Recently, Gov. Jerry Brown and Speaker John A. Perez unveiled competing budget proposals for Fiscal Year 2014-15. Perez’s “Budget Blue Print for 2014-15” provides a wish list of new or expanded government programs he would like to fund, while Brown recognizes that California is on uncertain economic footing and needs to begin paying down its long-term debt.
Both proposals advocate reinvesting in K-12 and higher education, which I support. The governor’s budget projects a $9.7-billion revenue increase over the 2013, 2014 and 2015 budget years from Proposition 98. The speaker’s budget remained supportive of increasing higher education funding, yet it lacks a game plan.
I am pleased to see that the governor’s plan begins to address our state’s extreme debt load. Brown advocates allocating $11 billion in new debt repayment, to repay more than $6 billion in school district deferrals immediately, and eventually to pay off the “wall of debt” by 2017-18.
The surge in revenue to the state is due to two phenomena: the temporary tax increases from Proposition 30, and the stellar year in the stock market. This means the increase in revenue is fleeting.
Clearly our state’s economy continues to struggle, and Brown supports targeted spending to try to encourage job creation. The governor plans to spend more than $1 billion on new infrastructure for water, transportation and “green” modernization projects. The budget also calls for $500 million in school and community college maintenance.
I’m frustrated that the governor continues to support his High Speed Rail boondoggle. Brown calls for taking $300 million in “cap and trade” tax dollar revenue and applying it to the rail project. I believe this is in violation of both AB 32 of 2006 and Proposition 1A, which established the bullet train project.

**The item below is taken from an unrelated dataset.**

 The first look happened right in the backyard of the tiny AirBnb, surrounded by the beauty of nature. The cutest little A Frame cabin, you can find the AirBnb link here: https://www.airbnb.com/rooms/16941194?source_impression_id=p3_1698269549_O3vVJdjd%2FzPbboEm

Families save for rainy days and government should do the same. Brown calls for a $1.6 billion rainy-day fund, and the figure is far below what the nonpartisan Legislative Analyst’s Office recommends. But this is a positive first step.
Right now, the voters are scheduled in November 2014 to decide if the state should have a spending limit and rainy-day fund. This was a bipartisan agreement from 2010 when the Legislature passed Assembly Constitutional Amendment 4. Perez wants to unwind that deal, and it appears Brown wants to modify it to a less stringent formula.

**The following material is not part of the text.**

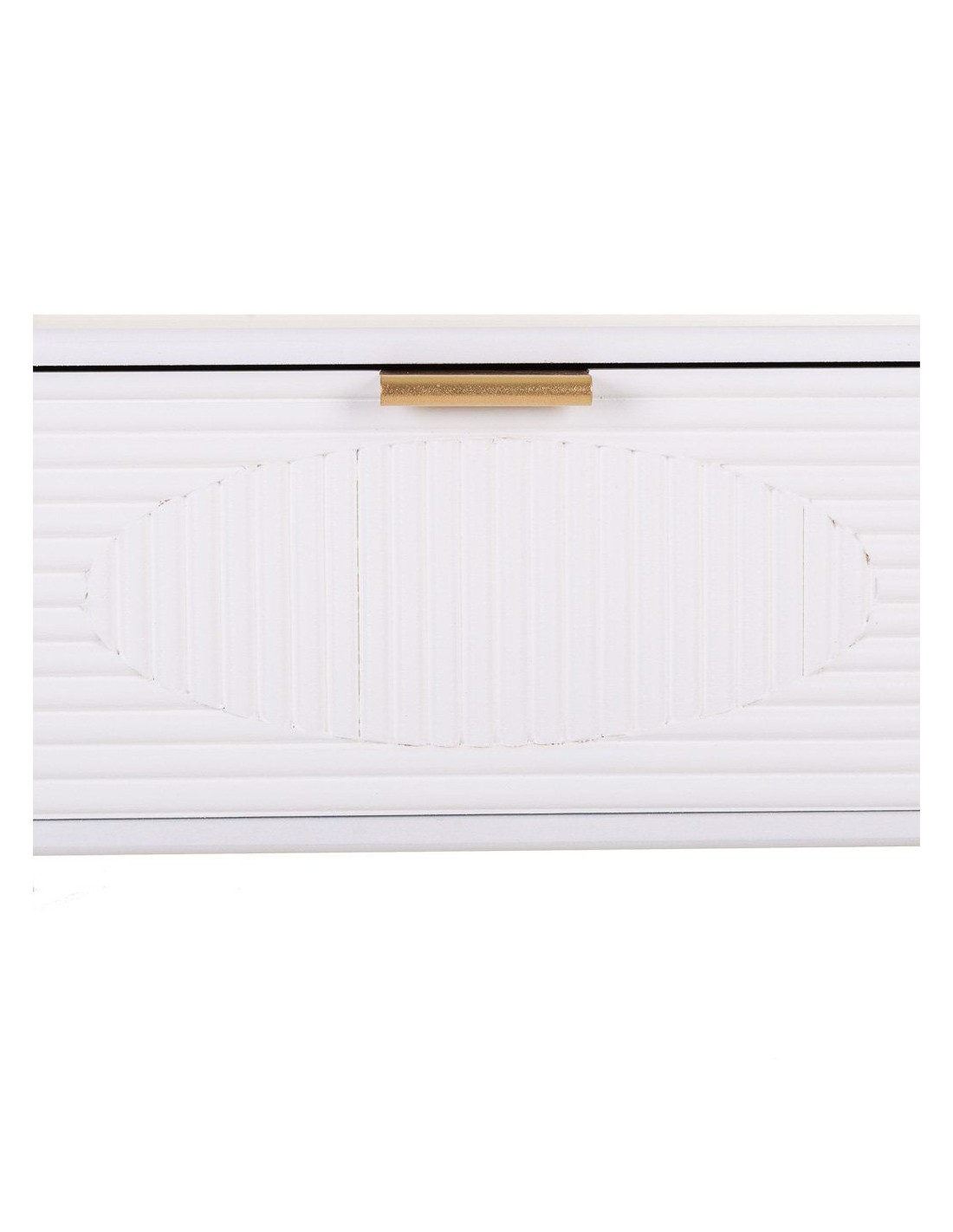 - Funcionalidad: Más allá de su atractivo visual, el Mueble de Entrada ofrece una funcionalidad excepcional. Su cajón único con tirador dorado es perfecto para almacenar objetos pequeños, manteniendo tu entrada organizada.

The Assembly Democrats’ budget blueprint creates an unstable rainy-day fund with a portion of capital gains tax revenue being saved, and they would eliminate giving the voters an opportunity to weigh in on the ACA 4 spending cap.
While I am supportive of developing a new rainy-day fund, the level of savings is not high enough and could be damaged again when Proposition 30 revenue expires. In 2012, voters approved Proposition 30, which temporarily increases personal income tax and sales tax and is projected to give the state $40 billion in revenue. The Assembly Democrats’ blueprint never addresses how to prepare for the expiration of the temporary taxes in Proposition 30.
Under Proposition 30, the sales tax increase will expire in 2016, and the personal income tax will expire in 2018. Even though I am a freshman, I’ve been in Sacramento long enough to know Assembly Democrats will try to make these onerous taxes permanent.
Furthermore, Sacramento leaders need to understand our past mistakes so we avoid repeating errors. The governor will be investing a majority of increased spending this year to pay down debt, but we will see a 5-percent increase in welfare grants, equating to $168 million; the funds for this expansion will come out of the general fund.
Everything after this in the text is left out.